La papaye nous est venue du Mexique. A Ceylan, elle est plutôt considérée comme un légume, qu'on sert râpé. Fruit américain encore - même si on parierait qu'il est asiatique - le durian a la forme d'une énorme cosse épineuse comme une peau de dinosaure. L'enveloppe fendue, on tombe sur la chair blanche entourant un triple noyau. Lorsqu'il n'est pas trop mûr on en apprécie le côté crémeux, mais le durian reste mal famé en raison de son odeur fétide, au point de s'être fait interdire de transport dans le métro de Singapour.
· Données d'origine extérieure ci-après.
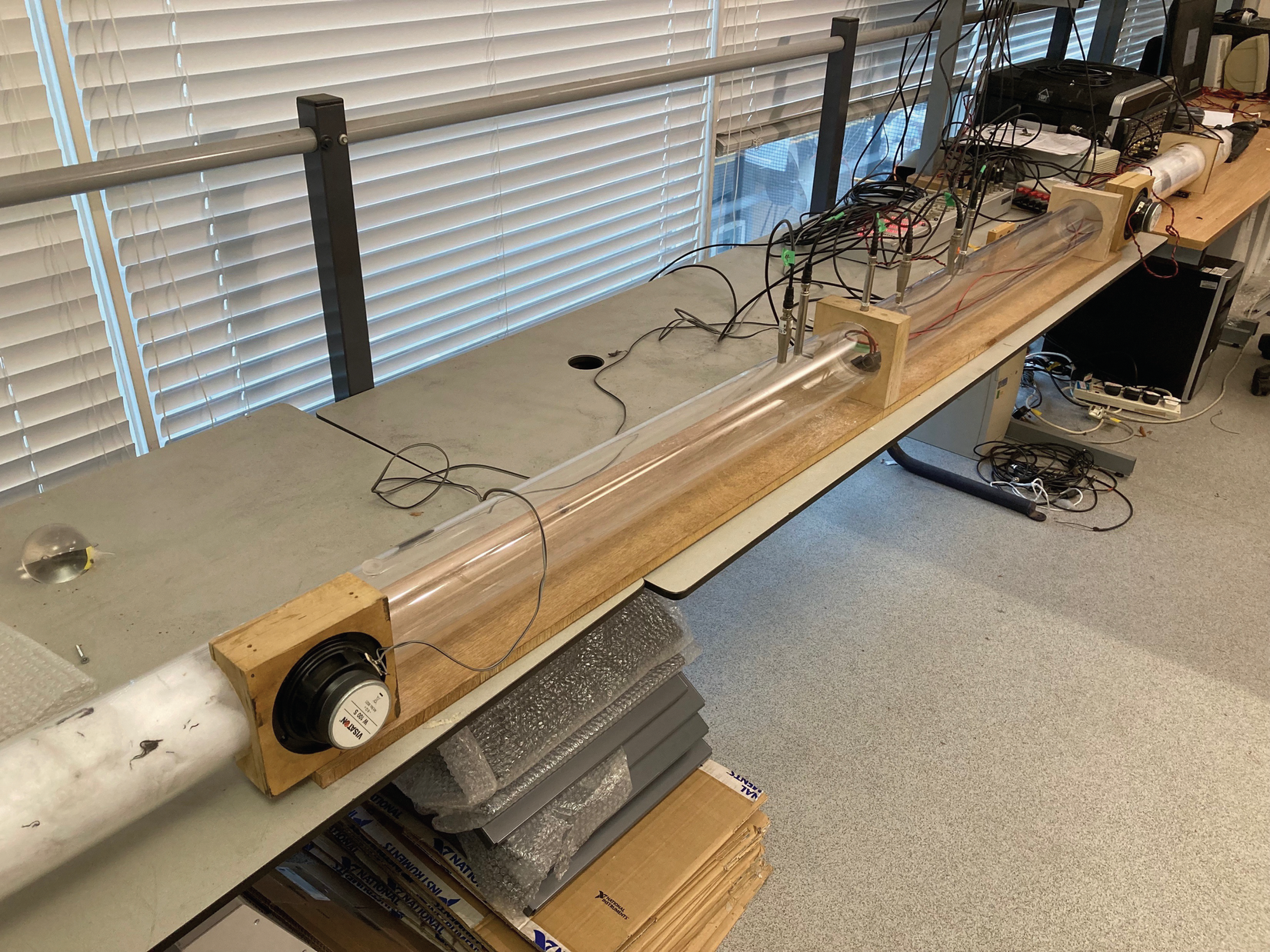 A A A Volume : 44 Part : 2 Remote sensing for wave-based nonreciprocal active controlJoe Tan 1University of Southampton University Road, Southampton, SO17 1BJJordan Cheer 2University of Southampton University Road, Southampton, SO17 1BJABSTRACT Reciprocity is an acoustic property that describes the symmetry of sound transmission between two points. However, this property is undesirable in certain applications, and this has led to significant interest in the development of nonreciprocal acoustic devices that achieve one-way sound transmission. These devices typically achieve nonreciprocal sound transmission by introducing nonlinearities or directional biasing. Previously proposed nonreciprocal acoustic devices generally have limitations; for example, they may not be fully tuneable, they can introduce signal distortions such as additional harmonics, or they can only exhibit nonreciprocal behaviour over a narrow bandwidth. To overcome these challenges, previous work has demonstrated how a wave-based active control system can be used to drive an array of acoustic sources to achieve reversible and broadband non-reciprocal behaviour. However these wave-based active control systems use external far-field pressure sensors to achieve broadband nonreciprocal behaviour and, thus, these active control systems are not self-su ffi cient. This paper therefore presents an experimental investigation into how remote sensing techniques can be incorporated into the previously proposed wave-based active control systems to create more self-contained nonreciprocal acoustic devices that still achieve broadband nonreciprocal behaviour in a one-dimensional acoustic system.1. INTRODUCTIONReciprocity is an acoustic property, which is considered to be inherent in linear acoustics, that describes the symmetry in sound transmission between two points. For example the sound transmission between an acoustic source and observer is equal to the sound transmission when the two swap positions. In acoustics, reciprocity has been used to simplify measurement processes in a variety of di ff erent applications [1, 2]. However, this property is undesirable in certain acoustic applications, which has led to the development of nonreciprocal acoustic devices. These devices have the ability to block or reflect acoustic waves that are propagating in one direction, whilst1 j.tan@soton.ac.uk2 j.cheer@soton.ac.uka slaty. inter.noise 21-24 AUGUST SCOTTISH EVENT CAMPUS O ¥, ? GLASGOW acoustic waves propagating in the opposite direction can propagate freely. Previously proposed nonreciprocal acoustic devices generally break the symmetry of sound transmission by introducing nonlinearities [3–7], fluid motion [8] or space-time modulated resonant cavities [9–11]. Although these various approaches do exhibit nonreciprocal sound transmission, they typically have limitations: nonlinear nonreciprocal acoustic device generally require large input power and can introduce signal distortions; fluid motion is practically realised using fans, which introduce additional harmonics; the bandwidth of the nonreciprocal behaviour is often narrow when using resonant cavities; and finally, these systems generally create a preferential direction for nonreciprocal behaviour and, thus, they are not fully tuneable. Some of these limitations have been addressed through the realisation of a non-local active metamaterial consisting of an array of sensor-actuator pairs, which can create the directional biasing required to achieve broadband nonreciprocal sound transmission [12, 13]. However, this nonreciprocal device is still not fully tuneable because the sensor-actuator arrangement still creates a preferential direction for the nonreciprocal behaviour. More recently, it has been shown that adaptive feedforward wave-based active control systems can exhibit nonreciprocal behaviour in one and two dimensional spaces [14–16]. The advantage of these systems is that they are fully tuneable, such that the nonreciprocal behaviour can be reversed by changing the reference and error signals for these controllers. However, these nonreciprocal acoustic devices rely on a wave separation method, which requires external far-field pressure sensors, to calculate the propagating wave components needed for nonreciprocal control. Although these external pressure sensors could be moved closer to the control sources, this would require additional pressure sensors to separate the positive and negative propagating and evanescent wave components. Alternatively, this paper investigates how a remote sensing method can be combined with the previously proposed wave-based active control systems to create a more self-contained nonreciprocal acoustic device that still achieves broadband nonreciprocal sound transmission and absorption. This paper is structured as the follows: Sections 2 and 3 describes the experimental acoustic system and remote sensing method used in this paper. Section 4 describes the active control formulations for the wave-based active controllers that are used to control the wave components when remote sensing is integrated. Section 5 presents the results of the o ffl ine experimental investigation into the performance of the proposed wave-based active control systems and finally, Section 6 presents the conclusions.2. SYSTEM DESCRIPTIONFigure 1 shows the experimental arrangement of the proposed self-contained wave-based nonreciprocal active system, which combines the previously proposed wave-based active control system with remote sensing techniques, to realise broadband nonreciprocal sound transmission and absorption in a one-dimensional environment. The system shown in Figure 1 contains an impedance tube with a passive termination and primary disturbance source at each end and active control unit located at the centre of the duct. From Figure 1, it can be seen that there are two monitoring pressure sensors, P m 1 and P m 2 , which are in close proximity to the control s

Des fruits rares et étonnants
Fréquente sur la table à l'heure du dessert, la mangue est, elle, originaire de l'Inde. C'est un ingrédient du chutney. Celle qu'on sert ici pousse dans le nord de l'île, non loin d'Arunadhapura. Elle est plus petite que les beaux spécimens pulpeux auxquels nous ont habitués les marchés exotiques d'Europe.
Beaucoup moins familier est l'étonnant mangoustan, avec sa coque violacée toute ronde ou bosselée. Il est un peu plus gros qu'un abricot. On l'ouvre au couteau pour découvrir une chair blanche divisés en cinq à sept quartiers - à la façon des gousses dans une tête d'ail. A ne pas confondre avec le ramboutan : ce nom signifie "chevelu" en malais. Sous sa bogue aux airs de perruque, d'un rouge variant entre l'orange et le violacé, se cache une chair toute blanche qui évoque le litchi.
Le verger merveilleux de Sri Lanka où tout semble pousser réclame cependant quelques précautions pour ne pas en garder un souvenir cuisant. Il faut de préférence manger les fruits sur l'arbre, et éviter les fruits déjà ouverts exposés trop longtemps aux chaleurs et insectes. C'est un cadeau fréquent à l'hôtel de poser dans votre chambre une corbeille pleine de fruits bien frais.